Plusieurs congolais travaillant pour les entreprises chinoises qui exploitent de l’or dans les chefferies de Bombo et Bandaka, dans l’ouest du territoire de Mambasa, dans la province de l’Ituri, sont victimes des cas de violations de leurs droits par les expatriés chinois.
Selon plusieurs témoignages recueillis auprès des employés et anciens employés de ces sociétés, les expatriés chinois n’ont aucun respect envers les congolais. Travaillant sans aucun contrat écrit, les congolais subissent le sort dicté parfois par le changement d’humeur de leurs patrons.
« (…) Dans les bases des chinois, les congolais ne représentent rien devant un chinois. D’abord, il n’y a pas de jour de congé et aussi pas de contrat. Si votre parent meurt, ils vous accordent deux jours et si un chinois ne t’aime pas, il peut se réveiller un jour et te renvoyer », témoigne un ancien employé sous anonymat.
La trentaine révolu, Michel (prénom d’emprunt) revient de la base des chinois située dans les parages de la cité de Niania. Il rencontre une scène où un expatrié chinois s’est amusé à jeter un congolais dans les eaux de la rivière Ituri.
« (…) Ces gens là… non… ! Un jour, j’ai assisté à une scène qui m’a choqué. Un compatriote buvait de l’eau tranquillement sur la rive d’Ituri. Le chinois s’est avancé et l’a poussé. Heureusement que notre frère était prudent et s’est agrippé sur les lianes. Il s’est retourné et a donné un bon coup de tête jusqu’à blesser ce chinois », indique-t-il.
Des chinois sont aussi accusés de négliger l’observance des règles d’hygiène. D’après nos sources, les compatriotes de Mao Tse Tung peuvent déféquer n’importe où, et cela peut importe s’ils sont vus par d’autres personnes.
Interrogé à ce sujet, un employé d’une des sociétés chinoises actives dans la zone, rejette catégoriquement ces allégations. Pour lui, tout congolais victime des violations de ses droits devrait porter plainte devant les autorités compétentes.
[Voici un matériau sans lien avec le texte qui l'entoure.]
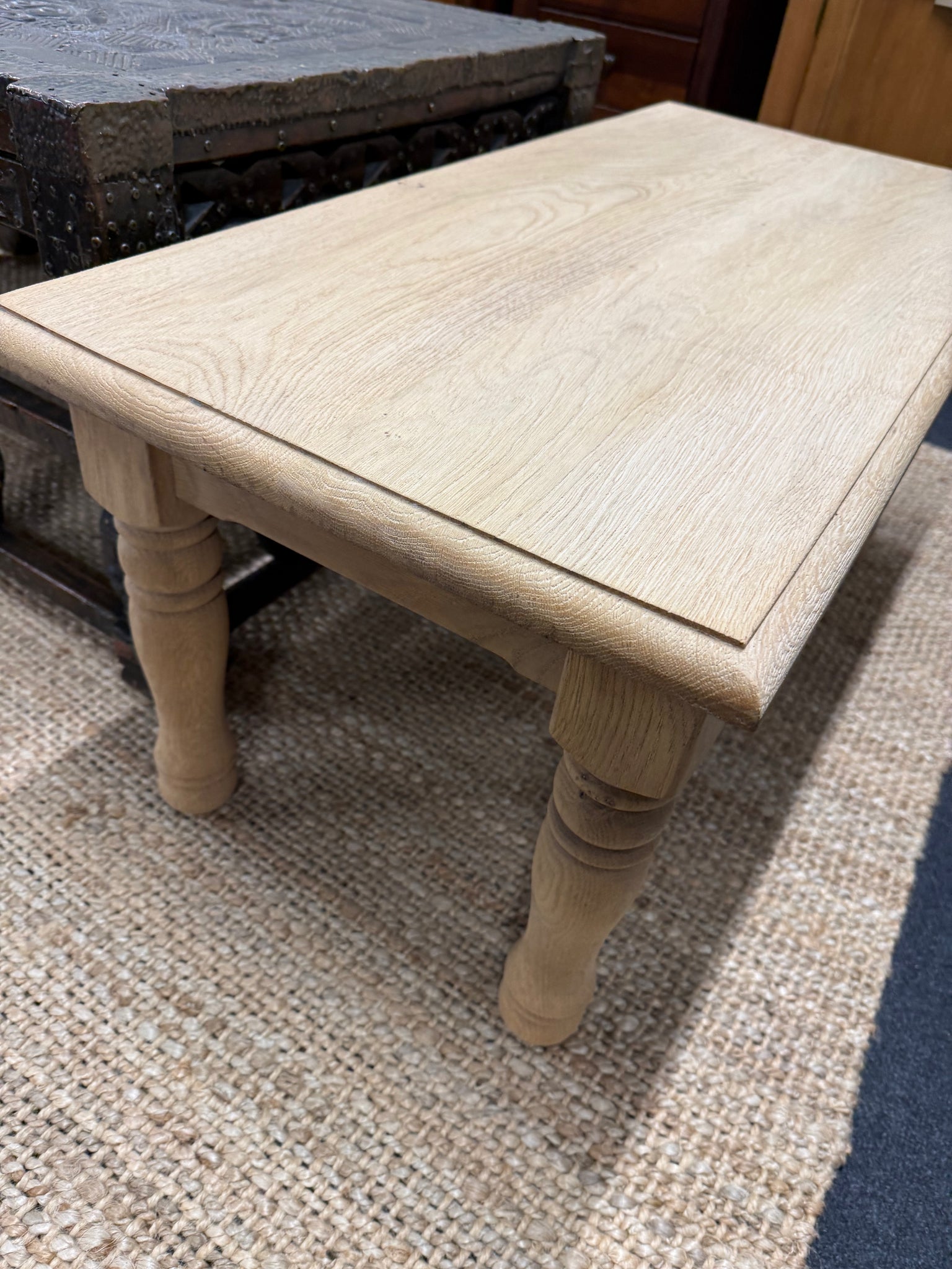 Crafted from solid oak and stripped to reveal its authentic grain, this coffee table showcases natural wood. The bare finish allows the wood's inherent beauty to shine through, though you may wish to apply wax or oil for added protection and longevity. A straightforward piece that celebrates honest craftsmanship and timeless design.

« (…) Tout d’abord nous ne sommes pas la seule société chinoise ici. Aussi, même si ces cas ont été vécus, pourquoi les victimes préfèrent parler à la presse que de porter plainte ? En ce qui nous concerne, nous appliquons la politique de tolérance zéro sur les cas de violations des droits humains. D’ailleurs, je peux vous surprendre en vous disant que nous avons, sur instructions du directeur d’exploitation, renvoyer plusieurs sujets chinois, auteurs de voies de faits sur les congolais », a déclaré ce responsable sous anonymat.
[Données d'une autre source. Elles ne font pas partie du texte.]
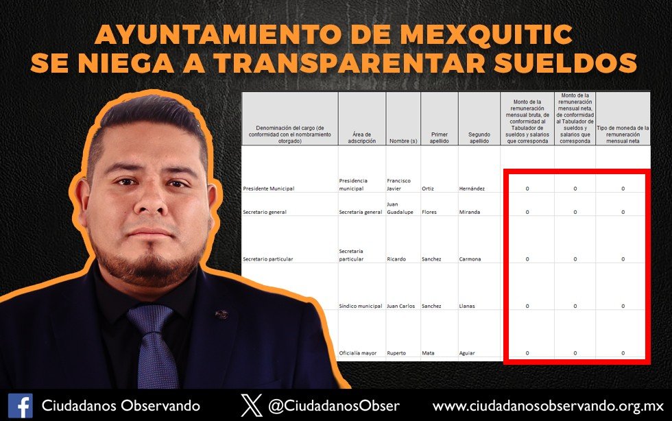 El Ayuntamiento de Mexquitic de Carmona, San Luis Potosí, encabezado por el alcalde Francisco Ortiz, mantiene una política abierta de opacidad y desacato a la ley, al negarse a transparentar los sueldos y percepciones de los integrantes del cabildo y de toda la plantilla laboral, una práctica heredada de la administración anterior de Hilario Leal y que ya suma cuatro años consecutivos.

Depuis 2020, des carrières minières dans la province de l’Ituri sont envahies par des exploitants chinois, associés aux congolais dans les coopératives minières. Cette exploitation, en son début, avait donné lieu à plusieurs débats au sein de l’opinion publique. Entre défenseurs de l’environnement et ceux qui défendaient les droits des communautés autochtones ainsi que les associés de ces chinois, le débat était très vif. Mais « depuis que chacun sait comment en profiter, tout le monde s’est tu », déplorent les observateurs.